**What you will do**:
Lines that contain the string "with" are the ones to list; copy all of them from the records.

**Supplied information**:
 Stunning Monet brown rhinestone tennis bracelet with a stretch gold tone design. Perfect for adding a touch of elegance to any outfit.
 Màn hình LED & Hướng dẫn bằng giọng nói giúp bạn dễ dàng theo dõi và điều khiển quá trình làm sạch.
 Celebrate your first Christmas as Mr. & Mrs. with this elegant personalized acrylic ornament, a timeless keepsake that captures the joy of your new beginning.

--

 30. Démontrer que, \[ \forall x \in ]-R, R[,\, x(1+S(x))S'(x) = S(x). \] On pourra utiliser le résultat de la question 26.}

**Problem solution**:
 Stunning Monet brown rhinestone tennis bracelet with a stretch gold tone design. Perfect for adding a touch of elegance to any outfit.
 Celebrate your first Christmas as Mr. & Mrs. with this elegant personalized acrylic ornament, a timeless keepsake that captures the joy of your new beginning.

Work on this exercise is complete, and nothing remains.